_WHAT YOU WILL DO:_
Every line below from the one containing "Um dos pontos" through the one containing "Vintage Cotton Dish" must be transcribed exactly. Omit all lines outside that stretch.

_DATA FOR THIS TASK:_
##############################

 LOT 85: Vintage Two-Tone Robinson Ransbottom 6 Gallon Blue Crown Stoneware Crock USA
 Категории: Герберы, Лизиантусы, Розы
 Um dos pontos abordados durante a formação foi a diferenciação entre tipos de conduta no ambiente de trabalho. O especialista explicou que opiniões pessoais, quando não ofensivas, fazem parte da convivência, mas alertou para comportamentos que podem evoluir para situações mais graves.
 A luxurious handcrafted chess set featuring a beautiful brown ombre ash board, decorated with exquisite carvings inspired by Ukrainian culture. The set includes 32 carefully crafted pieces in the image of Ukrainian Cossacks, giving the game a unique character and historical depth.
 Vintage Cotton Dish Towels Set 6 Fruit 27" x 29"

##############################

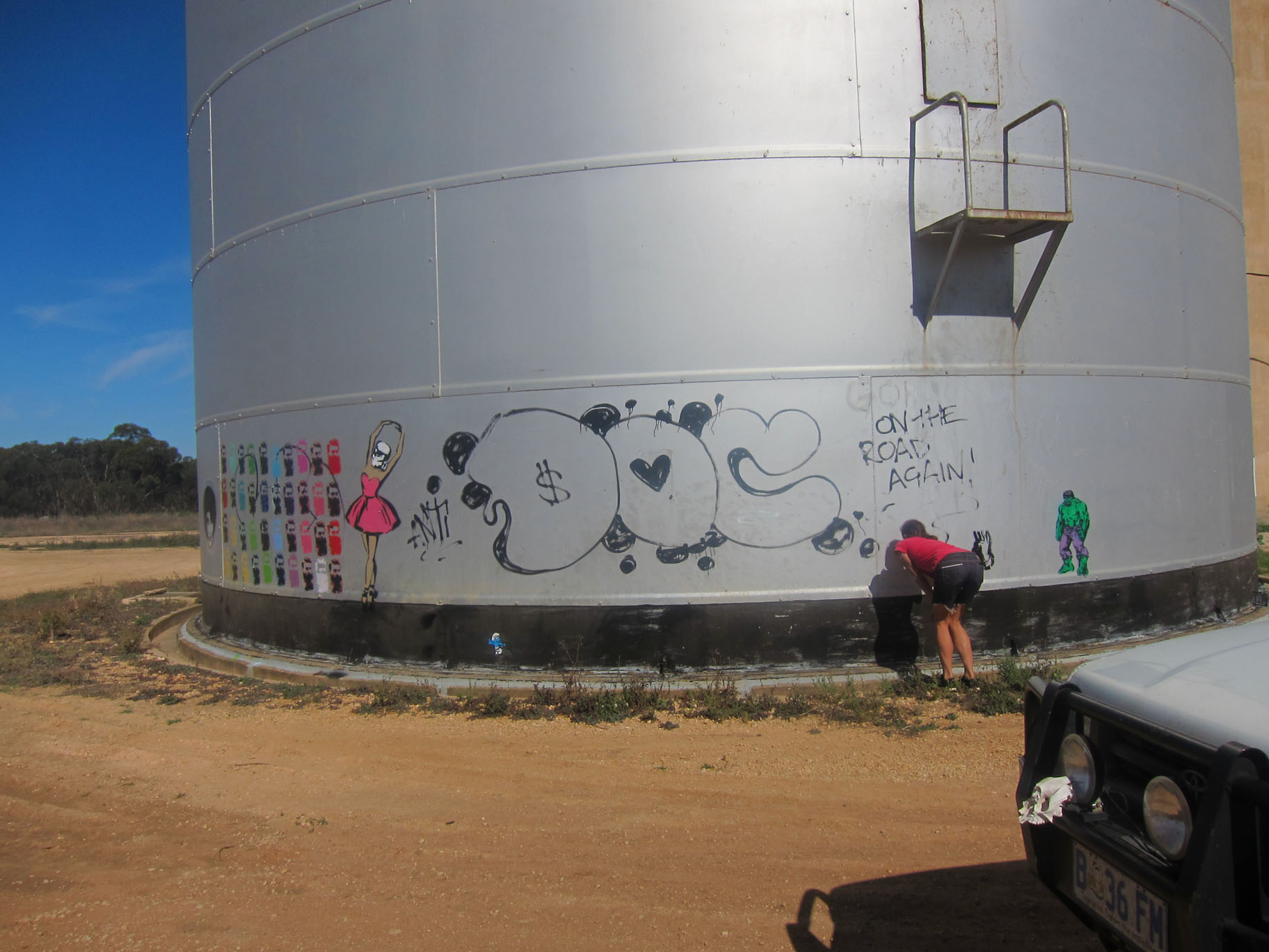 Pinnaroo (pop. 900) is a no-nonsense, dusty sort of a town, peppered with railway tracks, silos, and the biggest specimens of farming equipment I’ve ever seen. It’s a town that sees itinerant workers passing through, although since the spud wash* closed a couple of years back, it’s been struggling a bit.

##############################

_YOUR RESPONSE:_
 Um dos pontos abordados durante a formação foi a diferenciação entre tipos de conduta no ambiente de trabalho. O especialista explicou que opiniões pessoais, quando não ofensivas, fazem parte da convivência, mas alertou para comportamentos que podem evoluir para situações mais graves.
 A luxurious handcrafted chess set featuring a beautiful brown ombre ash board, decorated with exquisite carvings inspired by Ukrainian culture. The set includes 32 carefully crafted pieces in the image of Ukrainian Cossacks, giving the game a unique character and historical depth.
 Vintage Cotton Dish Towels Set 6 Fruit 27" x 29"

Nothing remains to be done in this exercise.